Docker Multistage Builds
Introduction
Docker multistage builds are a powerful feature that allows you to create smaller, more efficient Docker images without sacrificing build tools or debugging capabilities. In traditional Docker builds, you often face a dilemma: include all build tools for a complete build environment (resulting in large images) or create complex build scripts to minimize image size. Multistage builds solve this problem by allowing you to use multiple FROM
statements in your Dockerfile, where each FROM
instruction starts a new build stage.
In this guide, you'll learn:
- What multistage builds are and why they matter
- How to implement multistage builds step by step
- Real-world examples and best practices
- Advanced techniques to optimize your Docker workflow
The Problem with Single-Stage Builds
Before diving into multistage builds, let's understand why they're needed.

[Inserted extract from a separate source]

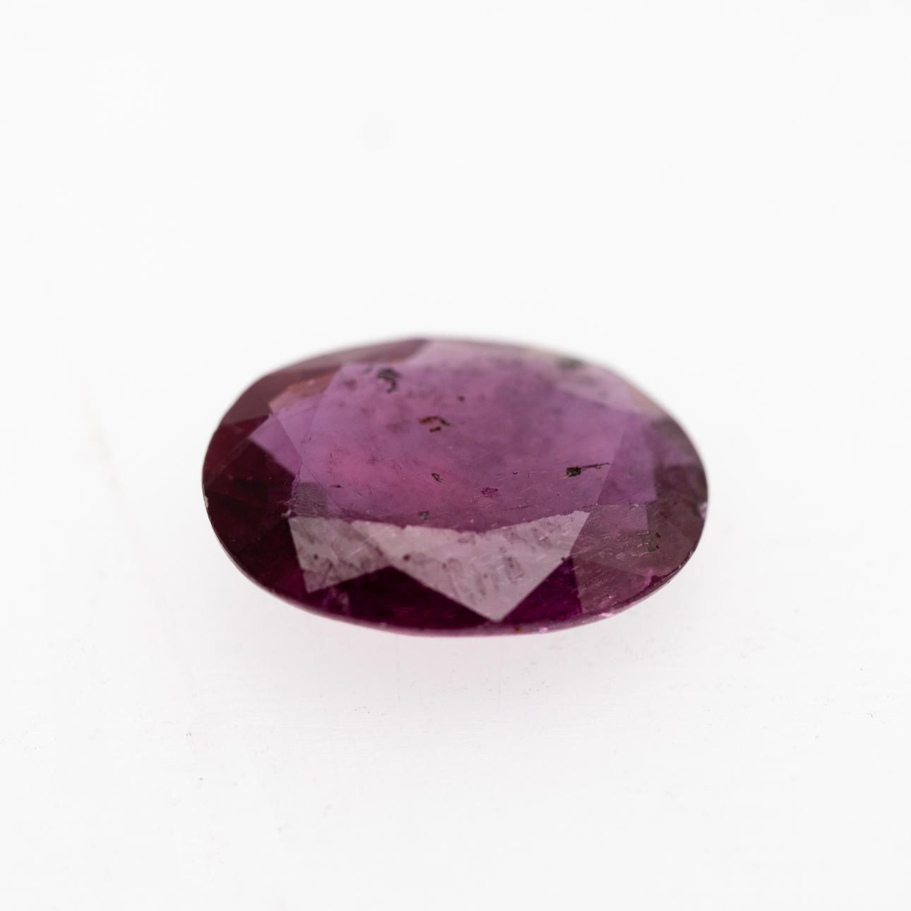 Luonnollinen rubiini, leikkaus: soikea sekaleikkaus, mitat n. 9,20 x 6,89 x 2,79 mm Paino: n. 1,70 ct. Sisältää todistuksen.
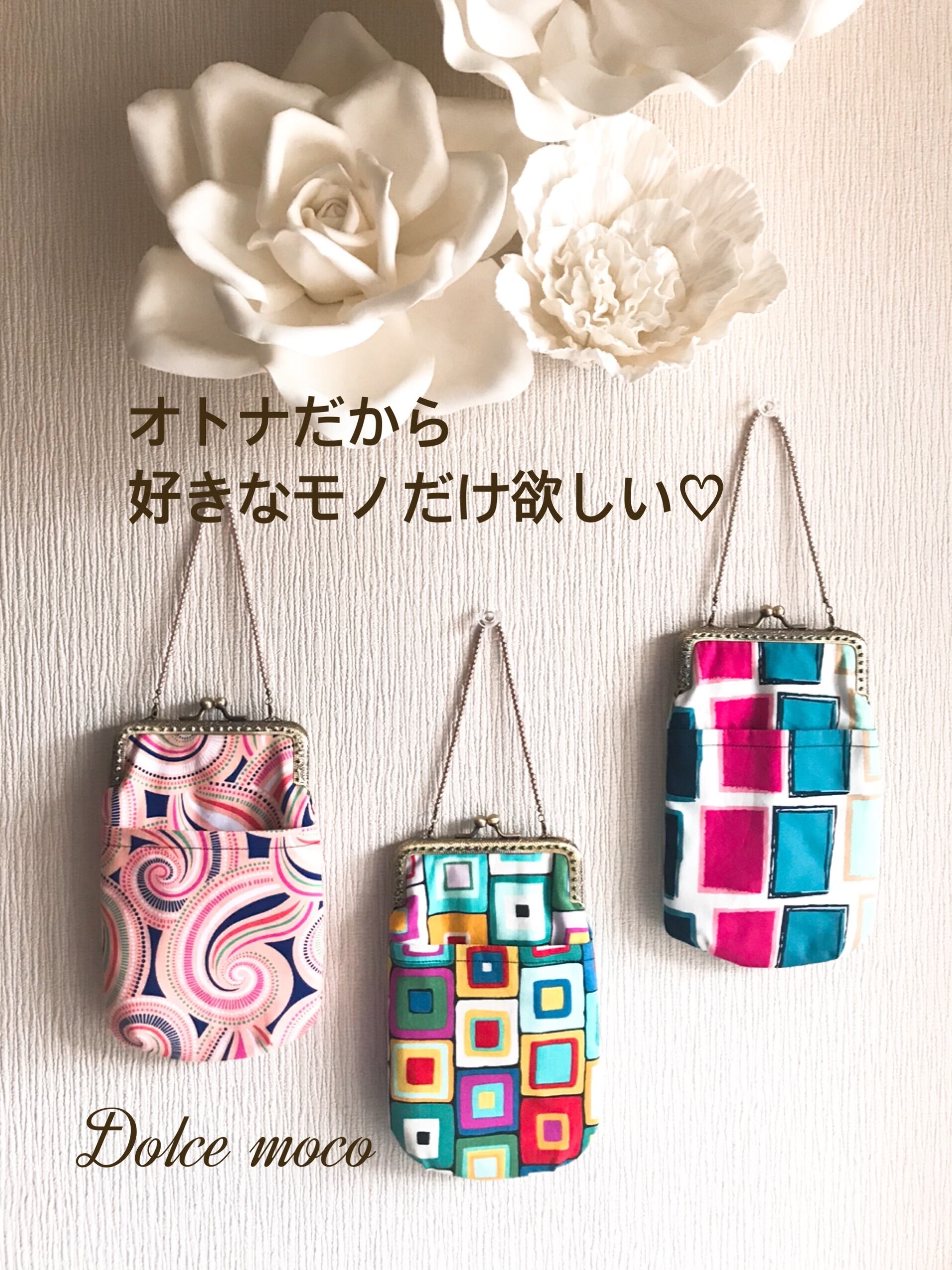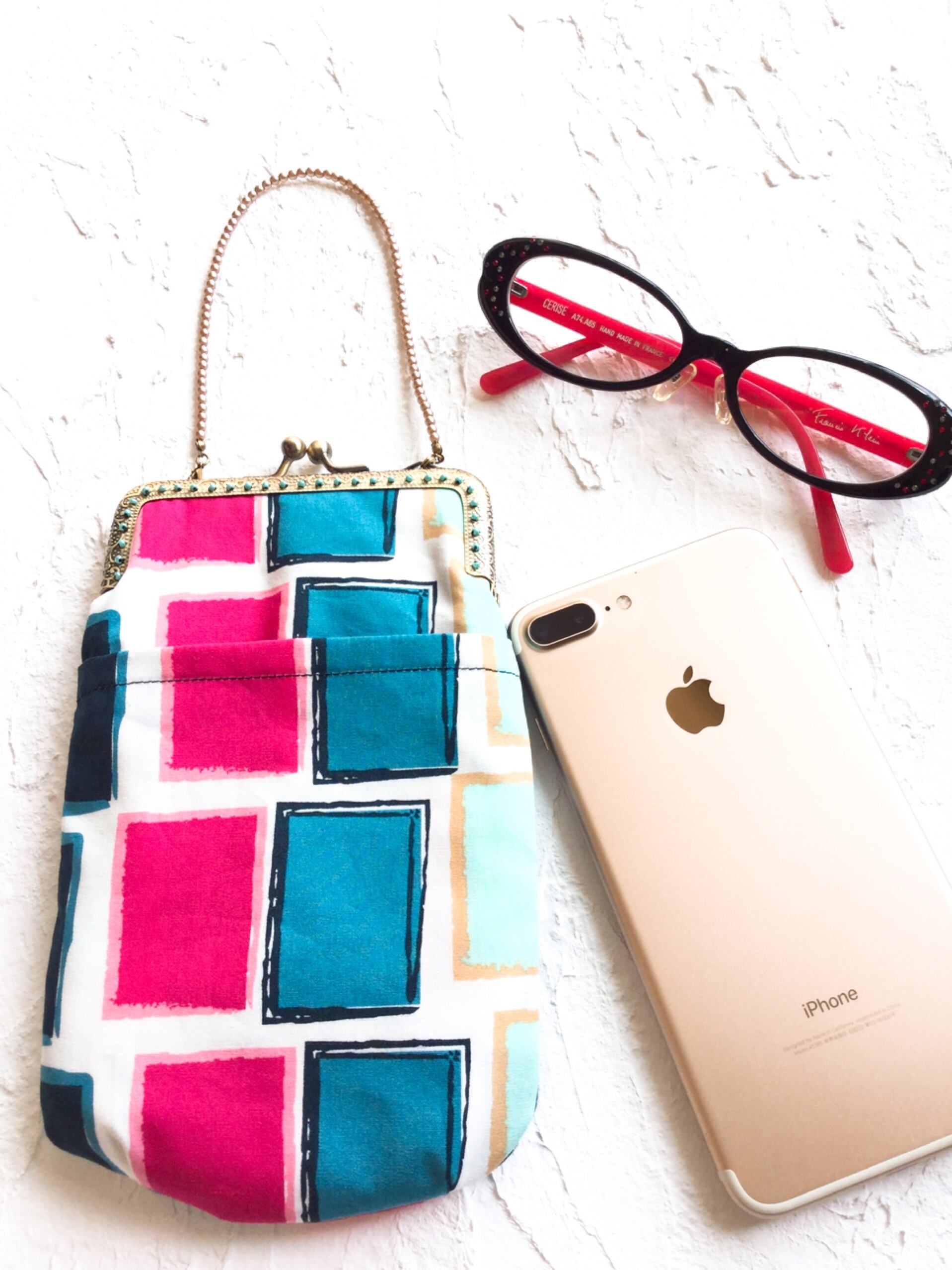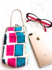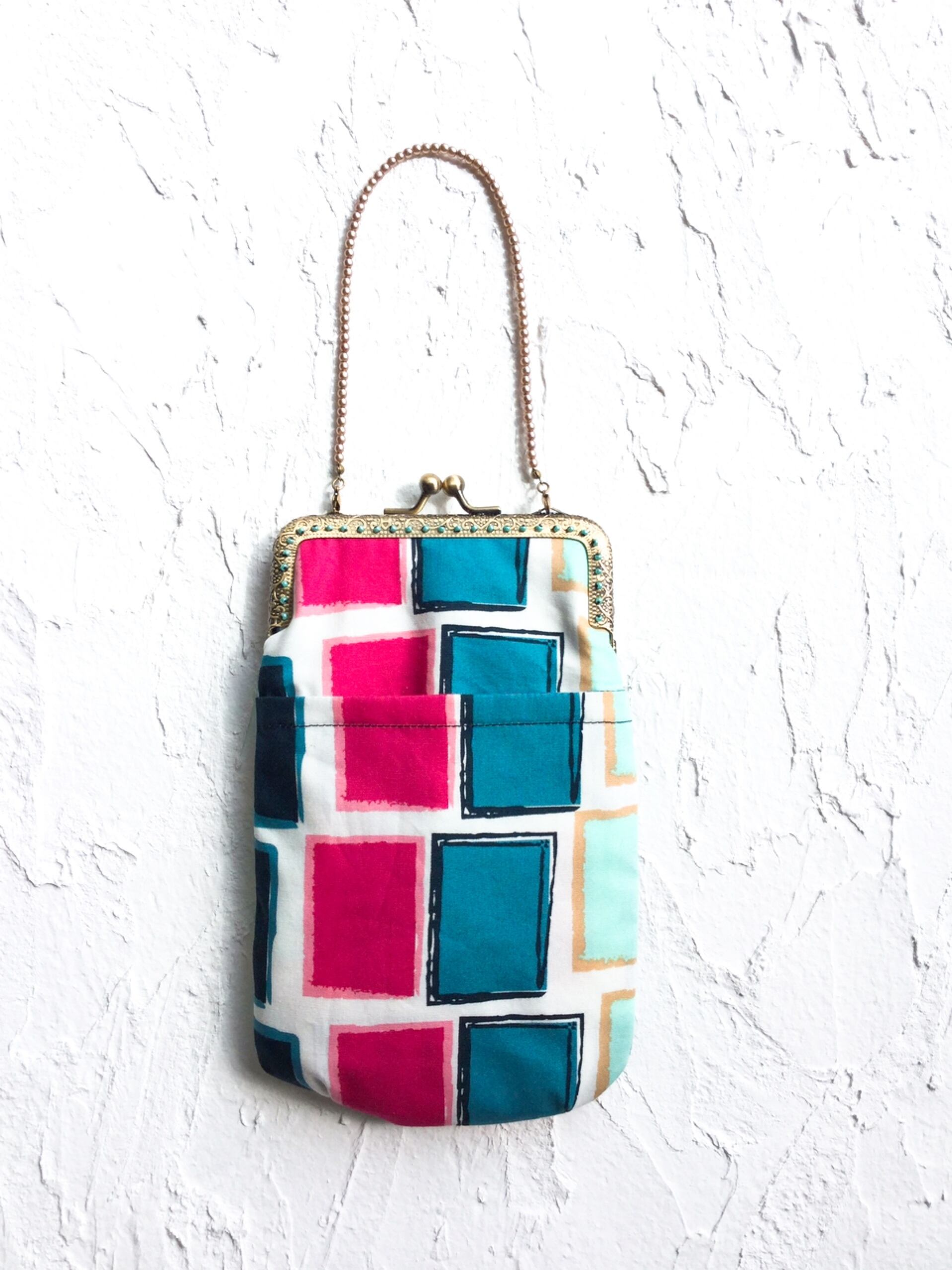 表布は個性溢れるアメリカンファブリック、ケイタイを入れる外ポケット付き。

Consider this single-stage Dockerfile for a Node.js application:
FROM node:18
WORKDIR /app
COPY package*.json ./
RUN npm install
COPY . .
RUN npm run build
EXPOSE 3000
CMD ["npm", "start"]
While this works, it creates an image containing:
- The Node.js runtime
- All npm dependencies (including dev dependencies)
- Build tools and source code
- The compiled application
The result? A bloated image with unnecessary components that:
- Consumes more disk space and network bandwidth
- Has a larger attack surface
- Takes longer to deploy
Multistage Builds: The Solution
Multistage builds let you use multiple stages in a single Dockerfile, copying only the necessary artifacts from one stage to another. Here's how we can improve the previous example:
# Build stage
FROM node:18 AS build
WORKDIR /app
COPY package*.json ./
RUN npm install
COPY . .
RUN npm run build
# Production stage
FROM node:18-slim
WORKDIR /app
COPY --from=build /app/dist ./dist
COPY --from=build /app/package*.json ./
RUN npm install --only=production
EXPOSE 3000
CMD ["npm", "start"]
In this example:
- The first stage (named
build
) installs all dependencies and builds the application - The second stage starts with a slim Node.js image
- Only the built assets and production dependencies are copied from the build stage
- The final image is significantly smaller and contains only what's needed to run the application
How Multistage Builds Work
Let's break down the key components of multistage builds:
Multiple FROM Instructions
Each FROM
instruction in a Dockerfile starts a new build stage. You can name stages using the AS
keyword:
FROM golang:1.18 AS builder
# ...build stage instructions
FROM alpine:latest
# ...production stage instructions
Copying Files Between Stages
The COPY --from=<stage>
instruction copies files from a previous stage to the current stage:
COPY --from=builder /go/src/app/main ./
This copies the main
binary from the builder
stage to the current stage.
Selective Execution
You can build up to a specific stage using the --target
flag:
docker build --target builder -t myapp:build .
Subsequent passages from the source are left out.